I'll let it all hang out and say you can remove the word "chance" altogether. 

A 60" ERC *is* hollow. Especially a pasture queen. And has a nice community of various criters using it as a habitat. Not to mention 19,583,754,375 black ants coming and going at al times. :yes:


----------



## jeffreythree (Jan 9, 2008)

Thanks for the info. I am going to use the threat of critters and ants to suggest they keep the trees. It sure would be nice to see them stick around for another generation of their family to appreciate since there is nothing wrong with them other than size and proximity to their old family homestead.


----------



## leejb (Feb 16, 2008)

All the cedar trees I have cut have had no rot in them. The cedar I"m talking about are in Washington and Oregon and are used to make cedar shakes and shingles.
Most of the cedar grows near swamp land or along creeks and rivers in the Northwest where I live.

Lee
http://woodtamer.wordpress.com


----------



## joasis (Sep 15, 2006)

ERC also is a time life tree....here in the plains, there are few that make a hundred years..


----------



## TexasTimbers (Oct 17, 2006)

lee, you are cuttin WRC and POC and several other true cedars. They get huge and often stay solid.

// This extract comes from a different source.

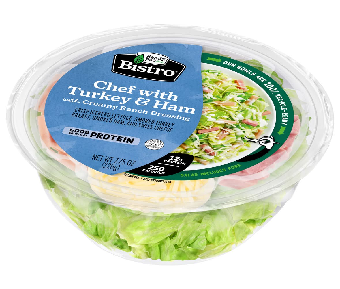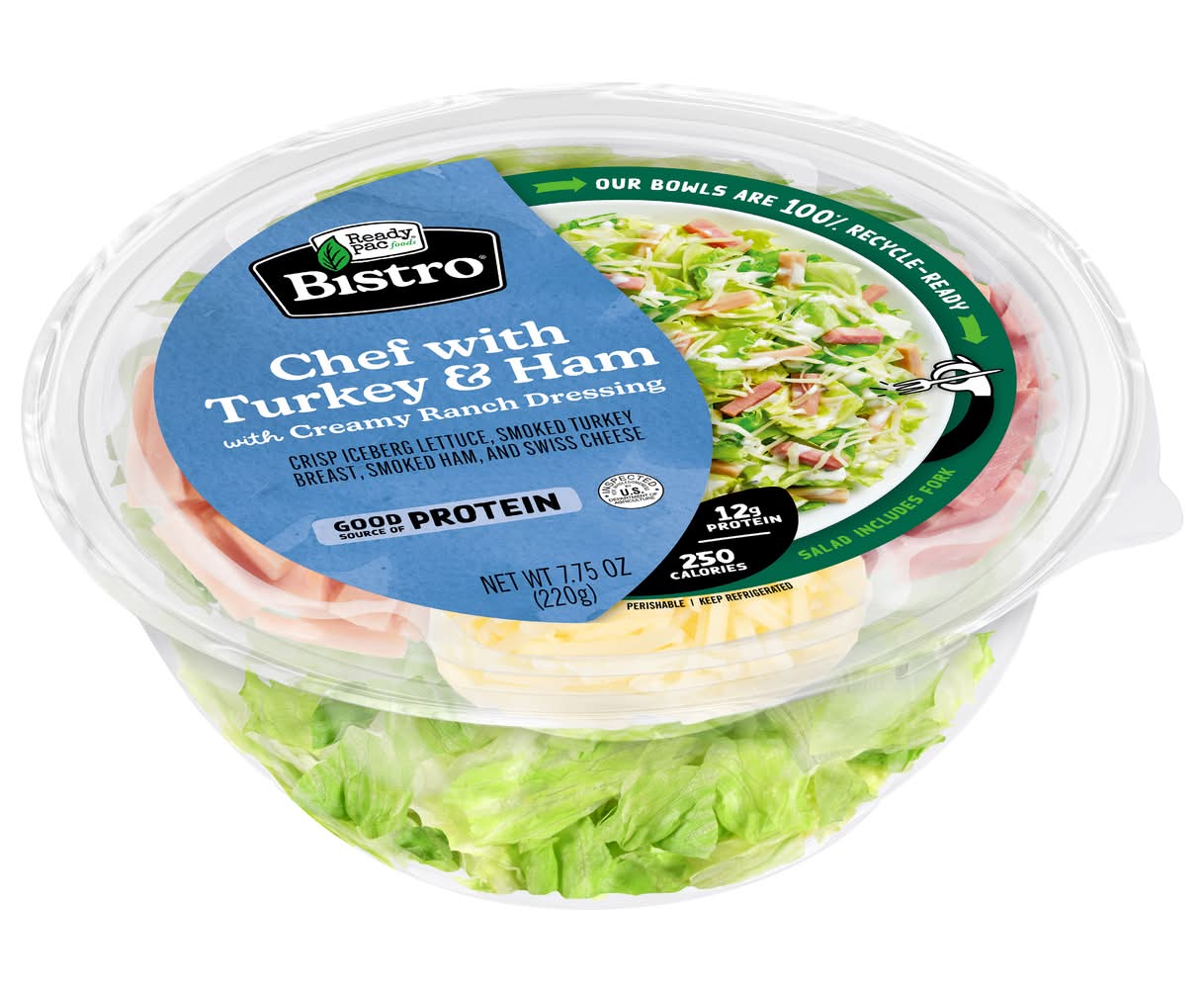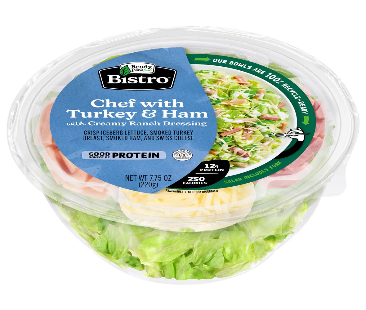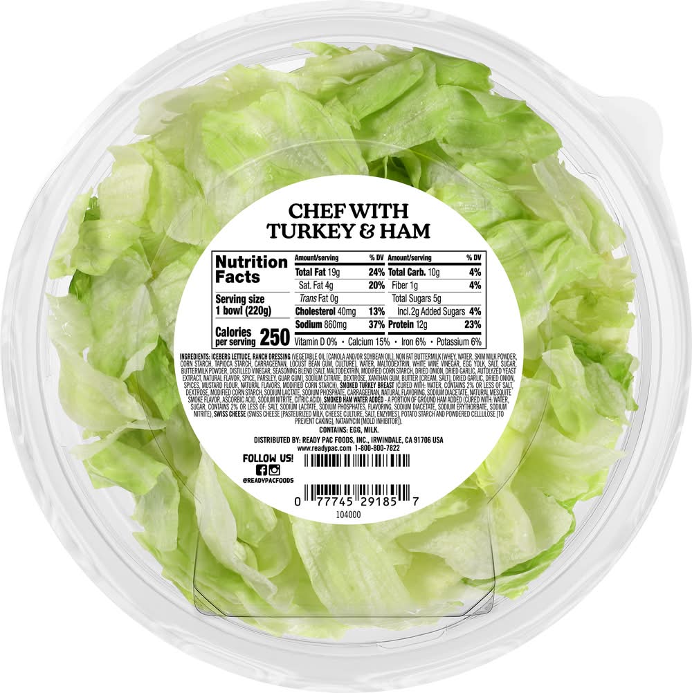 Ingredients: Iceberg Lettuce, Ranch Dressing (Vegetable Oil [Canola and/or Soybean Oil], Non Fat Buttermilk [Whey, Water, Skim Milk Powder, Corn Starch, Tapioca Starch, Carrageenan, Locust Bean Gum, Culture], Water, Maltodextrin, White Wine Vinegar, Egg Yolk, Salt, Sugar, Buttermilk Powder, Distilled Vinegar, Seasoning Blend [Salt, Maltodextrin, Modified Corn Starch, Dried Onion, Dried Garlic, Autolyzed Yeast Extract, Natural Flavor, Spice, Parsley, Guar Gum), Sodium Citrate, Dextrose, Xanthan Gum, Butter [Cream, Salt], Dried Garlic, Dried Onion, Spices, Mustard Flour, Natural Flavors, Modified Corn Starch), Smoked Turkey Breast (Cured with: Water, Contains 2% or Less of Salt, Dextrose, Modified Corn Starch, Sodium Lactate, Sodium Phosphate, Carrageenan, Natural Flavoring, Sodium Diacetate, Natural Mesquite Smoke Flavor, Ascorbic Acid, Sodium Nitrite, Citric Acid), Smoked Ham Water Added - a Portion of Ground Ham Added (Cured with: Water, Sugar, Contains 2% or Less of: Salt, Sodium Lactate, Sodium Phosphates, Flavoring, Sodium Diacetate, Sodium Erythorbate, Sodium, Nitrite), Swiss Cheese (Swiss Cheese [Pasteurized Milk, Cheese Culture, Salt, Enzymes], Potato Starch and Powdered Cellulose [to Prevent Caking], Natamycin [Mold Inhibitor]) Contains: Milk, Eggs, Corn, Mustard

These we are discussing are eastern red cedar. They are really none f the abouve; they are not confined to the eastern seaboard, not red really, and sure as heck ain't cedar. They are junipers and have a different cell structure. I am surely no tree guru but for whatever reason, the heartwood cell structure in _juniperus virginius_ doesn't lend itself to withstanding the attacks that WRC etc. does.

That's a very basic explanation but about all I am capable of. AFA ERC not lasting longer than 100 years that's not the case at least down here. I have counted 50 - even once 80+ rings (it was hard to count some exactly because some were so tight) in trees that had a hollow middle a foot in diameter. I have also counted 130 rings (okay my wife counted them) on a 30"+ (think it was 34") on my MIL property we harvested that was solid as a rock. That is rare even here.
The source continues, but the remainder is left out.